# EXERCISE
Starting with the line that has "Lot #0107: Pottery" in the records below and stopping after the line that has "The inspiration for", output every line exactly and nothing else; skip pictures.

# INFORMATION SUPPLIED
★ ★ ★

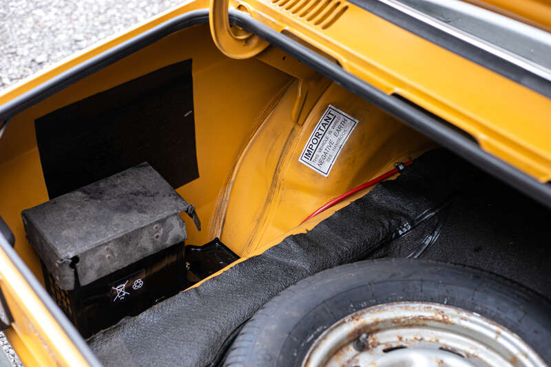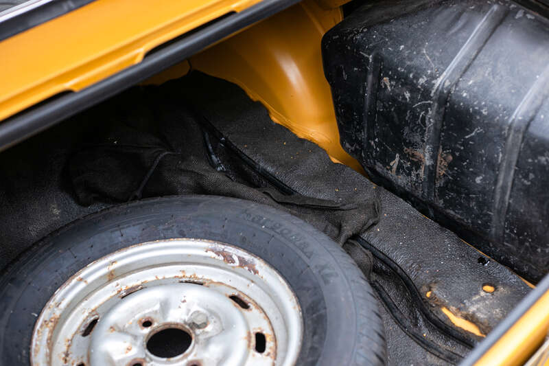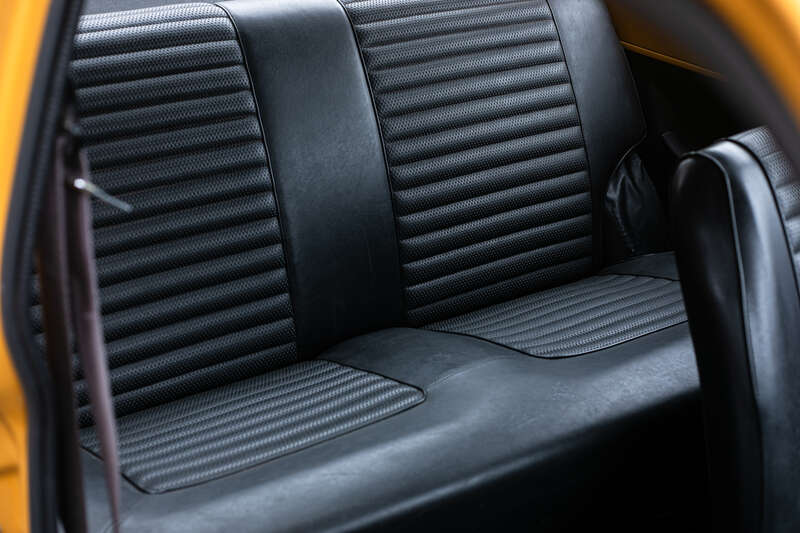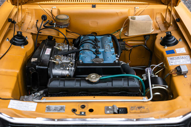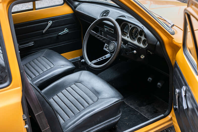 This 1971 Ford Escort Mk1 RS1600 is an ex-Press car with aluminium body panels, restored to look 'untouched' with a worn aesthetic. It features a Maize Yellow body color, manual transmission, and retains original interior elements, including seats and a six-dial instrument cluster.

★ ★ ★

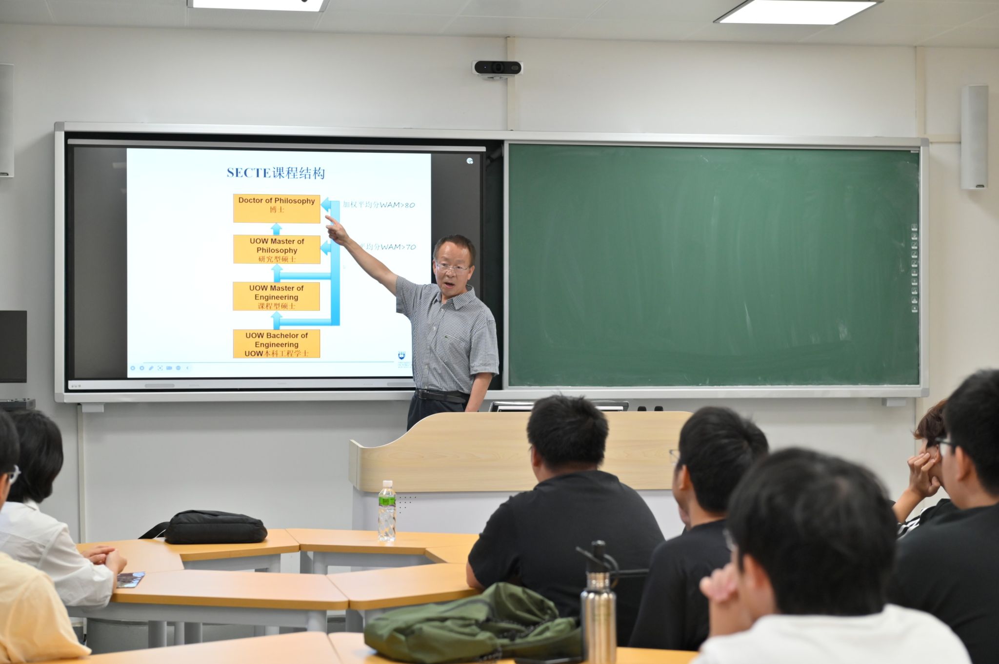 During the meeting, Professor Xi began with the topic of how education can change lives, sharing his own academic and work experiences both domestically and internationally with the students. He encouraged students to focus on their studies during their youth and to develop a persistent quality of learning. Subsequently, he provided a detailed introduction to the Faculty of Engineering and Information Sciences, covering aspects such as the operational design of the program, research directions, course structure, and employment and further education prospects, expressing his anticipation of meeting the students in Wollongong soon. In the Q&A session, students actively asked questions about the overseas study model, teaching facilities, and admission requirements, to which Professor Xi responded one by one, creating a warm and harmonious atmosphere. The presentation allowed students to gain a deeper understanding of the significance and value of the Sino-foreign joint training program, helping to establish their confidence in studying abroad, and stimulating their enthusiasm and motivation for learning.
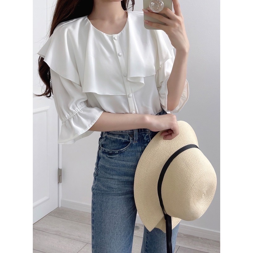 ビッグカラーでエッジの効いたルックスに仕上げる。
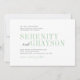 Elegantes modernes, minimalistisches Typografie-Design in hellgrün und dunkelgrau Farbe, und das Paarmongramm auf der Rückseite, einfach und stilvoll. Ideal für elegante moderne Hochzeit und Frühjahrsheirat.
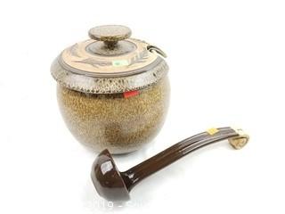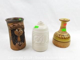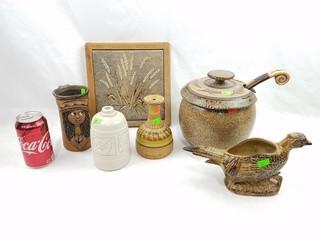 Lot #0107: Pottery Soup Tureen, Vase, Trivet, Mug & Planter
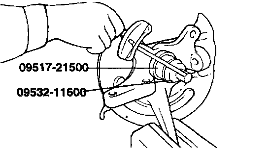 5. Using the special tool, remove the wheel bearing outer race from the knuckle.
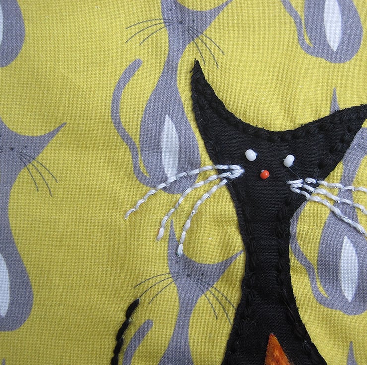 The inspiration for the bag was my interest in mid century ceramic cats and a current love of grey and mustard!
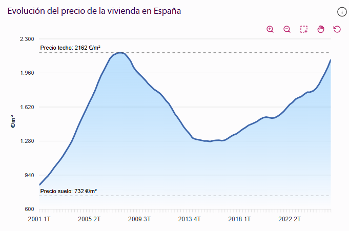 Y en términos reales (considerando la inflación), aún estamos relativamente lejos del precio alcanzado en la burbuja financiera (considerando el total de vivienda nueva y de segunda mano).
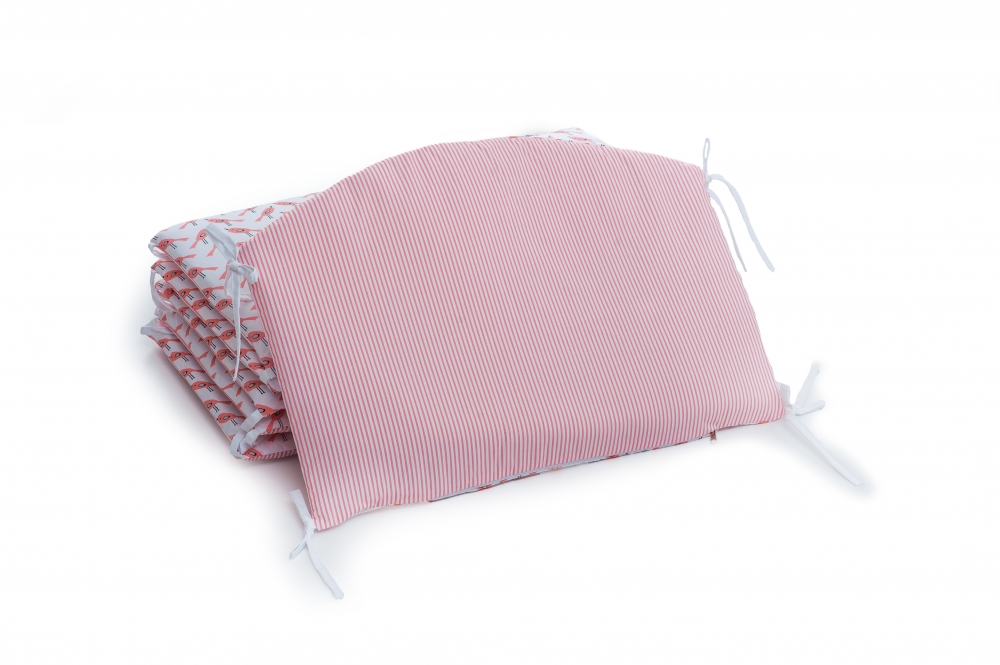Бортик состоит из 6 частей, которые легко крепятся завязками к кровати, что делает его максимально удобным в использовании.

★ ★ ★

# ANSWER SECTION
 Lot #0107: Pottery Soup Tureen, Vase, Trivet, Mug & Planter
 5. Using the special tool, remove the wheel bearing outer race from the knuckle.
 The inspiration for the bag was my interest in mid century ceramic cats and a current love of grey and mustard!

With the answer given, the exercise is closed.